A deep dive into Kenya ruling from Kari Mugo

Much is made of the framing of constitutions, their intents, and ambitions. Equally as important is how they are brought to life. It is for this reason that courts throughout Africa are becoming a place of intrigue, as countries test their new democracies. In Kenya and Botswana, two similar cases that sought to decriminalise same sex conduct recently appeared before their respective courts with very powerful, yet vastly different outcomes. We begin this two-part essay in Kenya. 

Kenya promulgated its new constitution in 2010, culminating a two-decade-plus journey of review that sought to “focus on minority protection” and prevent “the misuse of power”, as Waruguru Kaguongo notes. A key feature of the constitution would be its empowerment of the judiciary. This muscle was flexed in 2017 when the country’s courts became the first in Africa to annul a presidential election over irregularities. For many across the continent, the ruling from the Supreme Court showed a judicial independence unheard of. 

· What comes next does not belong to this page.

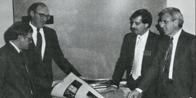 Stainmaster collection to a trio of DuPont executives. In the photo, from left, are Bob Axtell, Tom McAndrews and Ed Berman. Stainmaster was relatively new; DuPont introduced the breakthrough technology in the fall of 1986.
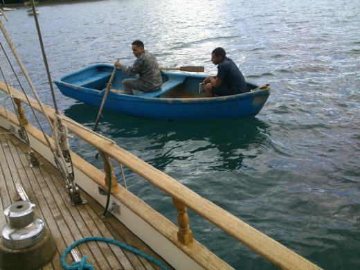 Ein junger Soldat schreibt in ein Buch unsere Namen und Passnummern, fragt woher wir kommen und wohin wir wollen. Dann rudert er wieder zurück zu der kleinen Pier, von der er gekommen ist. Er spricht sehr wenig Englisch, wir meinen aber, er hatte angekündigt, zurück zu kommen. Wir warten vergeblich. So lassen wir am Samstagvormittag unser Dhingi zu Wasser und fahren zum Land. Dort werden wir schon von Polizei und Armee erwartet, die uns erklären, dass wir nicht an Land dürfen. Baracoa sei kein internationaler Einreisehafen mehr. Wir können in der Bucht ankern, dürfen aber unser Schiff nicht verlassen. Wir können weder Diesel noch Wasser bunkern. Es bleibt uns nichts anderes übrig, als hier zu ankern und auf Wind zu warten. Wir schwimmen, waschen Wäsche, backen Brot und Kuchen. Zu tun gibt es immer etwas und irgendwann wird der Wind schon kommen. Unser einziges Problem ist, das unsere Vorräte an Wasser knapp werden. Sowohl im Tank als auch das Trinkwasser. Dieser Stopp war nicht eingeplant. Wir hatten etwas knapp kalkuliert und durch die unvorhergesehene Flaute kommen wir nun in Bedrängnis. Nach dem Wäsche waschen und der Dusche nach dem Schwimmen ist es dann soweit, der Tank ist leer. Allerdings kommt ein frischer Wind auf. Wir holen sofort mit dem Satellitentelefon den aktuellen Wetterbericht. Der Wind soll 36 Stunden bleiben und in der Nacht sogar noch auffrischen. Auch die Windrichtung aus Nord ist für uns optimal. Sollten wir doch noch Glück haben? Es sind 140 Meilen bis Santiago, ca. 28 Stunden, wenn der Wind uns nicht erneut verlässt. Es müsste eigentlich klappen, denn etwas Diesel haben wir ja noch. Wir heben den Anker und segeln los.

Relying on a narrow idea of “national values” that the court said needed protection, it argued that the issue of homosexuality had been considered during the drafting of the 2010 constitution and the will of the Kenyan people expressed in Article 45 (2).

In tandem, Public Interest Litigation (PIL) has become a central part of Kenya’s civic space where institutions like the Katiba (meaning ‘constitution’ in Kiswahili) Institute are leading the way. Lesbian, Gay, Bisexual, Transgender and Intersex (LGBTI) activists are also using PIL to make gains in recognition and protection of basic rights; from the rights for transgender individuals to change their names on official documents to the right to register organisations working on LGBTI issues. 

Building on a successful history of PIL, activists had hoped to repeal Sections 162 and 165 of the country’s Penal Code that criminalises same sex relations along with a host of other sexual activity that falls under the broad banners of “carnal knowledge against the order of nature” and “gross indecency.” The Katiba Institute appeared as Amicus Curiae (a friend of the Court) in the matter as had the Kenya National Commission on Human Rights, “an independent constitutional commission… [mandated] to promote and protect the observance of human rights in Kenya.”